Prognosis: Delayed recovery
At the beginning of 2001, forecasters predicted a turnaround in real economic growth in most regions of the world by midyear. But greater-than-expected industrial contractions early this year and ongoing downgrades in consumer and business confidence have pushed their timetable for recovery to later in the year. This turnaround should be fueled by lower worldwide interest rates, reduced energy prices and a rundown in excess inventories.
The current forecast for 2001 global economic growth is the lowest in a decade. The April Consensus Forecast for world real GDP growth in 2001 is 2.3 percent compared to 2000’s estimated rate of 3.9 percent (see the table). Most analysts expect slower annual growth rates in all major economies and areas. Forecasters expect the most pronounced year-over-year slowdown in North America, followed by the developing countries of Asia. Japan’s economy is predicted to remain stagnant while Latin American growth should also decelerate until later this year. Europe’s economy is forecast to slow as well.
|Global Real GDP Outlook|
|Percent Change From Previous Year|
|*Not including China|
|Sources: April 2001 Consensus Forecasts; Federal Reserve Bank of Atlanta|
Protectionism: Not the cure
Weak growth abroad and the strong dollar mean that the United States can expect little help from exports in its bid to return to stronger economic growth. In the face of these pressures, calls for efforts to shield the U.S. economy through protectionist measures may emerge. Both economic theory and experience show that protectionism is not the answer, however. Instead, maintaining close economic ties to the rest of the world is in the best interests of the United States in both the long and short term.

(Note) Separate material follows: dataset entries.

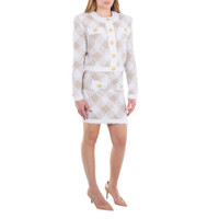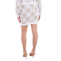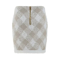 Balmain Ladies Bottoms. Fashion category: Skirts. SKU: DF0LB015KH66-BLANC/ BEIGE. Color: Blanc/ Beige. Balmain Check Pattern Ribbed Hem Mini Skirt. This skirt is made of tweed with a gingham check pattern, metallic threading, a short rear zip fastening, two front welt pockets with lion head motif buttons, and a ribbed hem. 47% Polyamide, 42% Viscose, 8% Polyester, 3% Metallized Polyester. Made in France. GENERAL Color: Blanc/ Beige INFORMATION Brand: Balmain Gender: Womens Model: DF0LB015KH66-BLANC/ BEIGE DETAILS Category: Bottoms Apparel Type: Skirts Material: Polyamide, Polyester, Viscose ADDITIONAL INFO Jomashop Sku: -LB015KH66BLANCBEIGE Department: Clothing
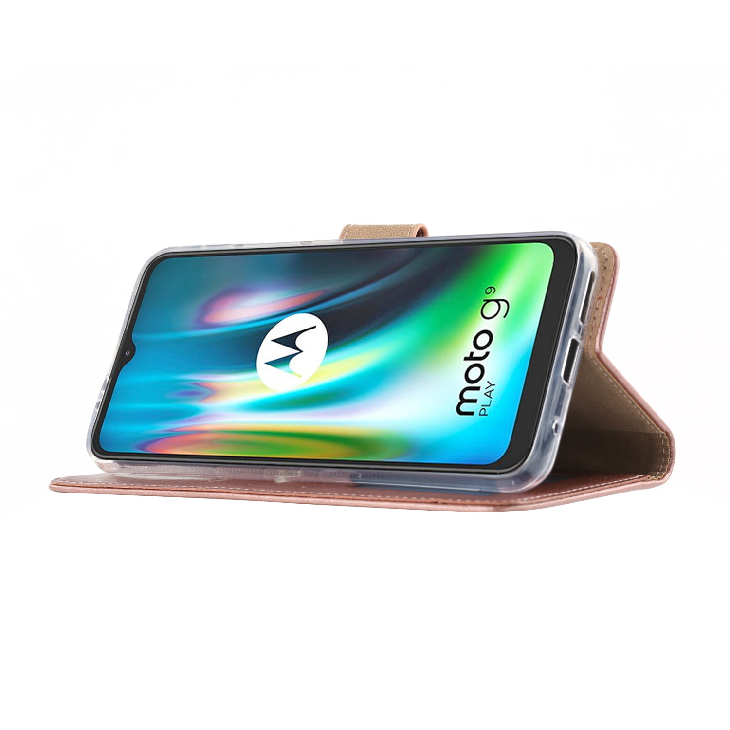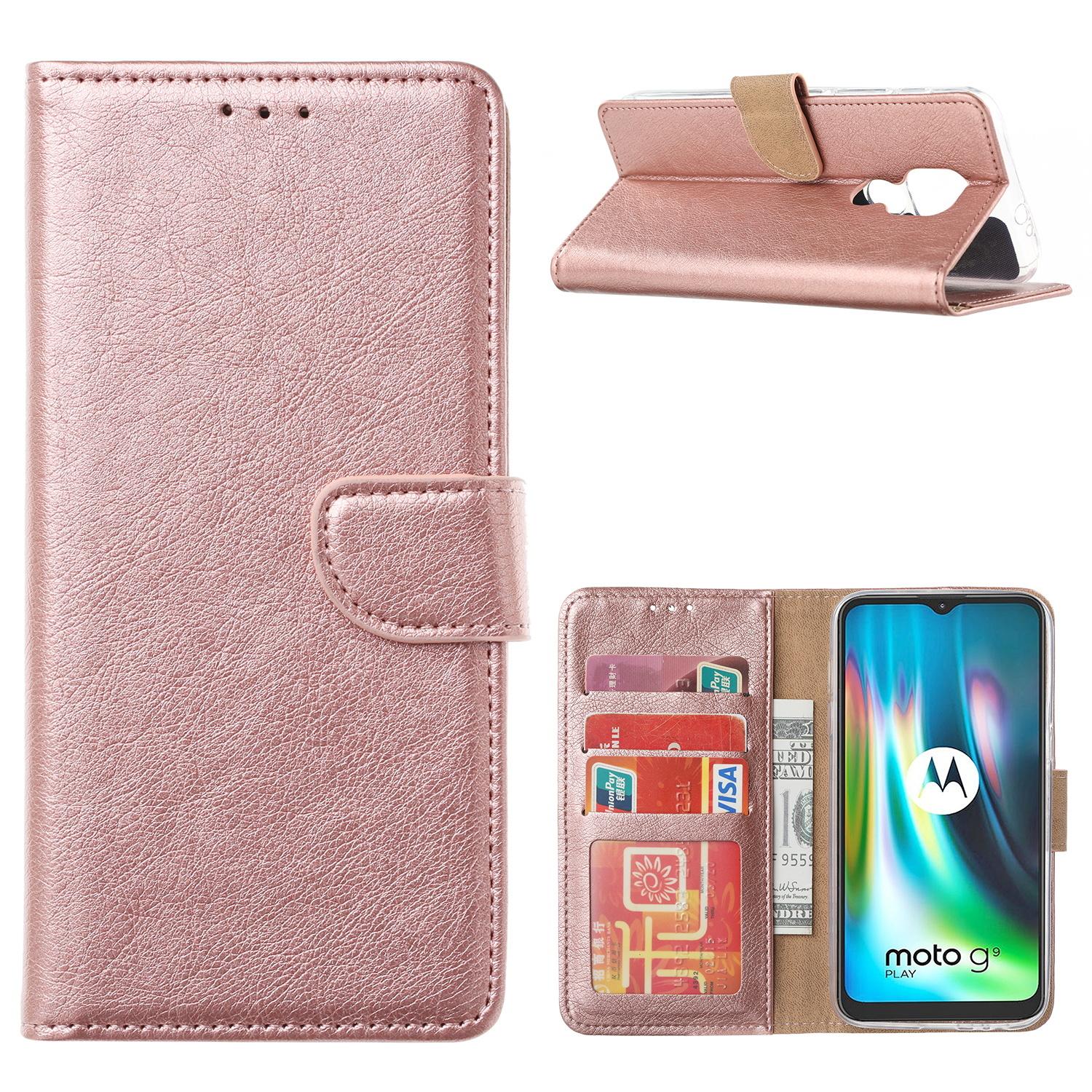 Hoesje geschikt voor Moto G9 Play Hoesje, Hoesje geschikt voor Moto G9 Hoesje, Hoesje geschikt voor Moto E7 Plus Hoesje met Pasjeshouder - Rose Goud
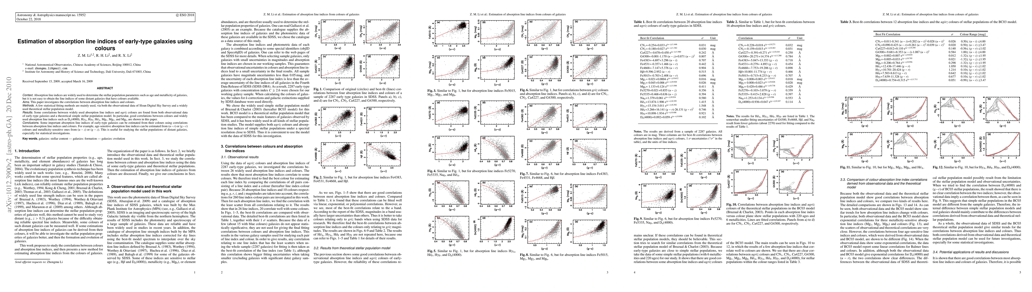 This paper explores correlations between absorption line indices and colours to estimate stellar population parameters in early-type galaxies. It finds strong correlations between colours and indices like Dn(4000), HgammaA, and Mg2, enabling estimation of age and metallicity from colours for distant galaxies.
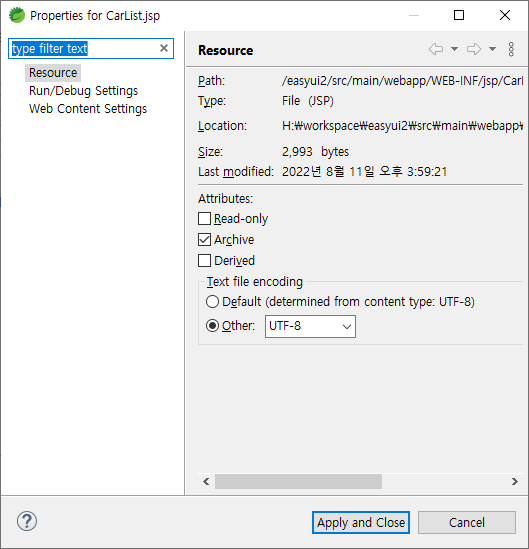 여기서 하단 Default encoding을 UTF-8로 입력하고 JSP도 UTF-8로 다시 원복.
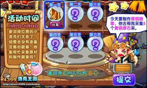 2、根据活动面板上的提示,第一天前往拉布朗铜矿场收集黄铜原石,完成5个原石的采集后,就可以返回活动页面提交领取奖励了哦!
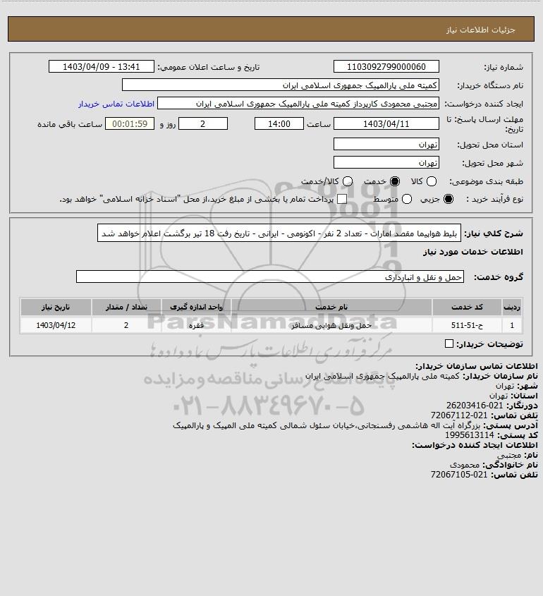 نام دستگاه خریدار:کمیته ملی پارالمپیک جمهوری اسلامی ایران
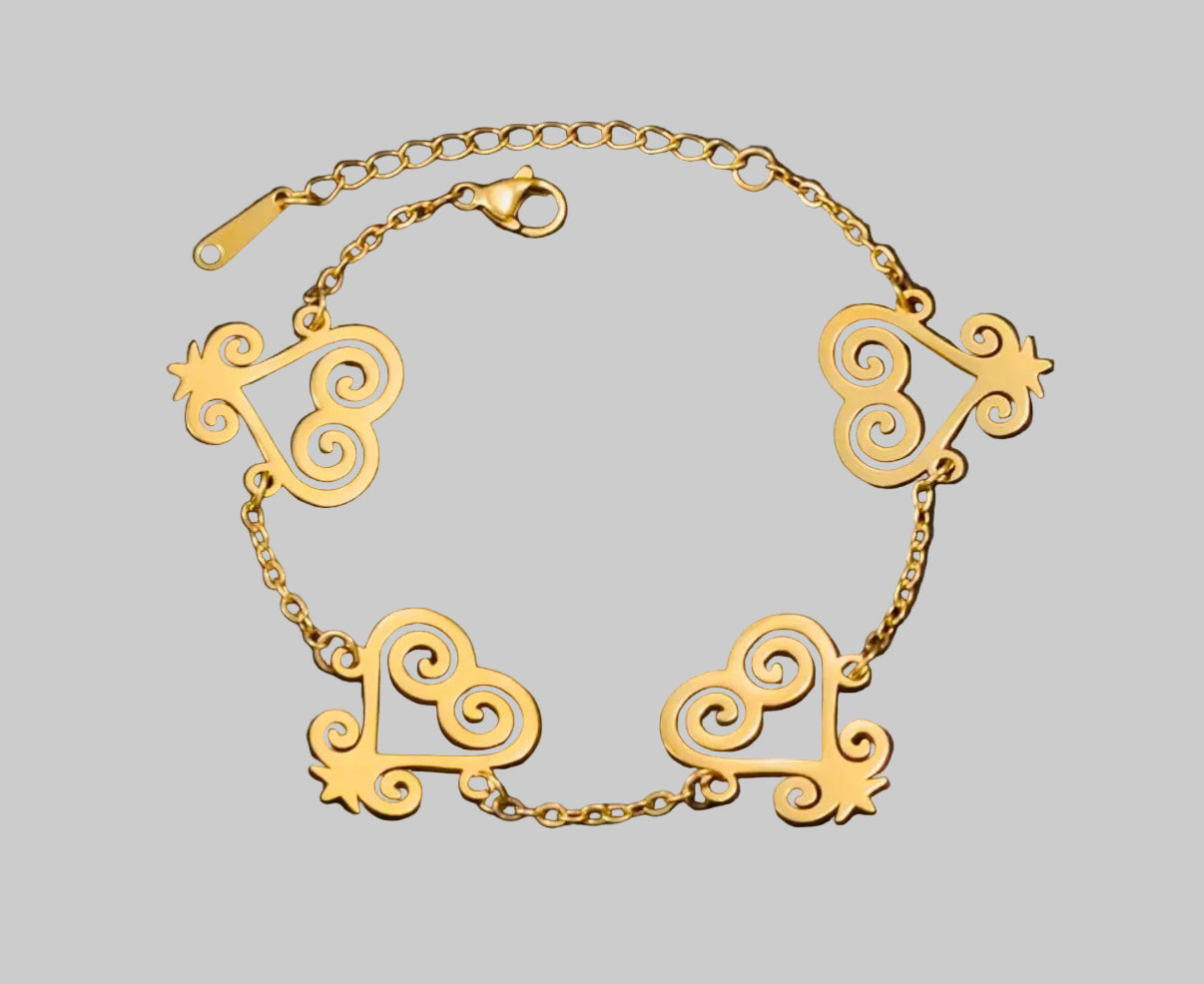 Sankofa Adinkra Charms Gold Bracelet.
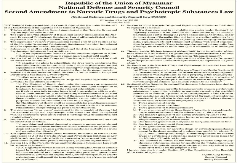 The following is congratulatory message from Foreign Head of State/Government sent to Acting President of the Republic of the Union of Myanmar Senior General Min Aung Hlaing on the occasion of the 78th Anniversary of Independence Day of the Republic of the Union of Myanmar.

The United States remains a world leader in supporting free trade and open capital markets. The U.S. economy has been and will continue to be a major beneficiary of the open global system. More international goods and capital than ever before flow into the United States, giving consumers more choices at lower prices than possible under a closed economic system. The flow of capital has helped lower borrowing costs for individuals and businesses, and the competition fostered by an open trading system has helped make the U.S. economy among the most productive in the world.
Although the recent U.S. economic sneeze has helped the world catch cold, both the United States and other economies should be moving toward faster growth by late 2001. Maintaining and expanding ties with foreign economies through international trade and investment will help the global economy return to better health.